Mayor's race draws Philadelphians to the polls
Politics is replacing the 76ers' bid for the pro basketball championships as the big game in the nation's fourth largest city. The prize is the office of mayor. The candidate to beat is W. Wilson Goode, whose ultimate goal is to become Philadelphia's first black mayor.
His first step will be to win the Democratic primary today. His chief adversary is Frank L. Rizzo, former law-and-order two-term mayor and ex-police commissioner. Mr. Rizzo is the underdog making a seasoned campaigner's comeback.
Standing by to challenge the Democratic winner are three Republican hopefuls: Charles F. Dougherty, a former US congressman; Tom Gola, a former pro basketball star; and John J. Egan Jr., chairman of the Philadelphia stock exchange.
Although no Republican has been elected mayor since 1950, the three candidates hope to pull an upset, assuming that Goode is the Democratic nominee.
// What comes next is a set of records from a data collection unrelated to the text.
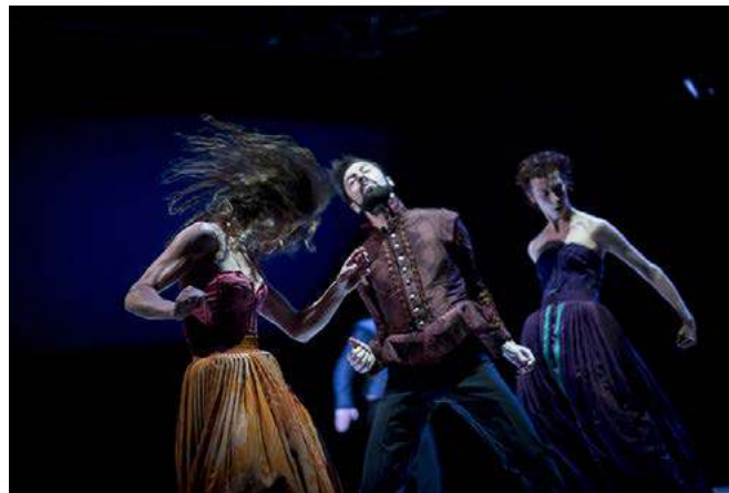
Histoire de l'imposture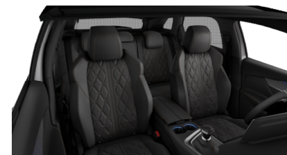
Pack Cuir 'Nappa'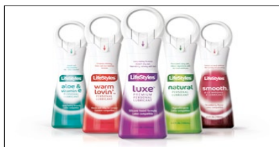
1° PREMIO CATEGORIA PACKAGING FARMACEUTICI LOVE AT FIRST SIGHT AZIENDA: ANSELL AGENZIA: REVERSE INNOVATION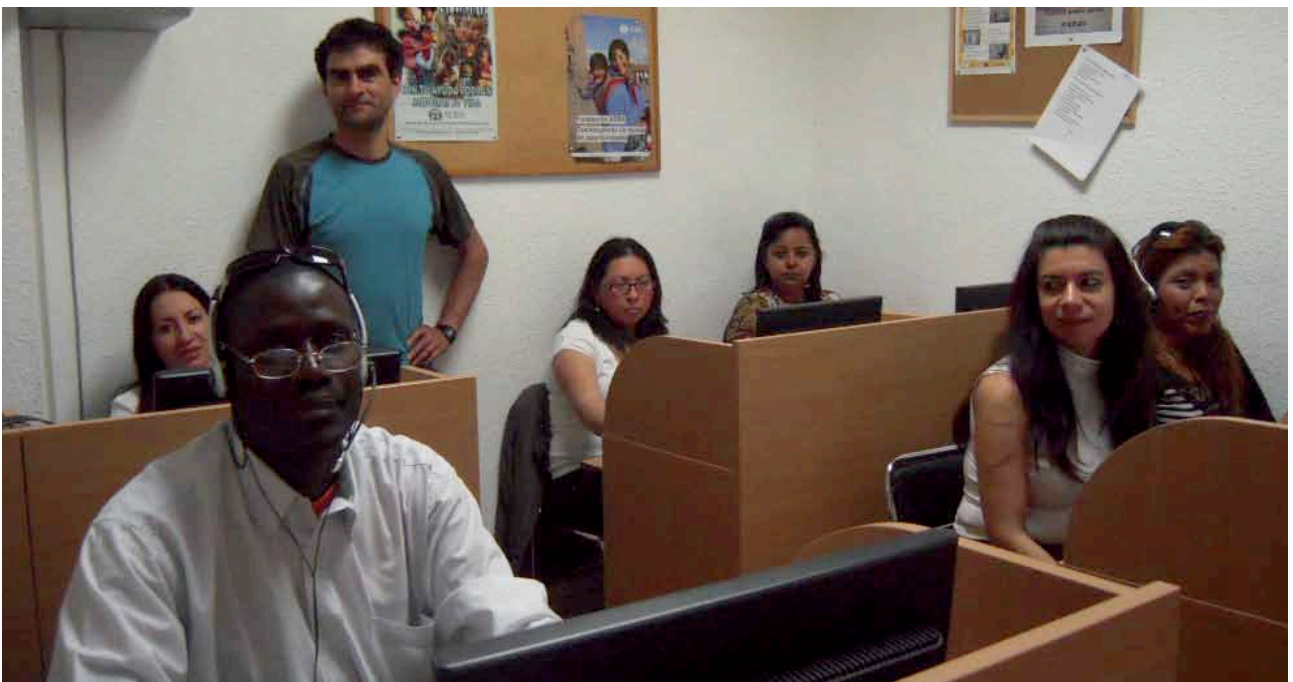
> Alumnos de curso de informática en Zaragoza.

People here insist Philadelphia isn't Chicago. But it is felt that many white Democrats will switch loyalties rather than vote for a black mayor.
On the final weekend before the primary, Goode and Rizzo worked to inspire their most ardent supporters to get the voters to the polls. On Sunday, Goode worshipped for three hours at First Baptist Church of Paschall, where he is chairman of the deacons and a longtime member. Rizzo spent Sunday afternoon marching in a three-hour parade as grand marshal in his stronghold, South Philadelphia.
Goode hopes to capture 90 percent of the black vote and 20 percent of the white. Some 53 percent of the 900,000 registered Democrats are white, and 44 percent are black. Rizzo seeks to recapture the old magic that made him a popular mayor and commissioner in his heyday.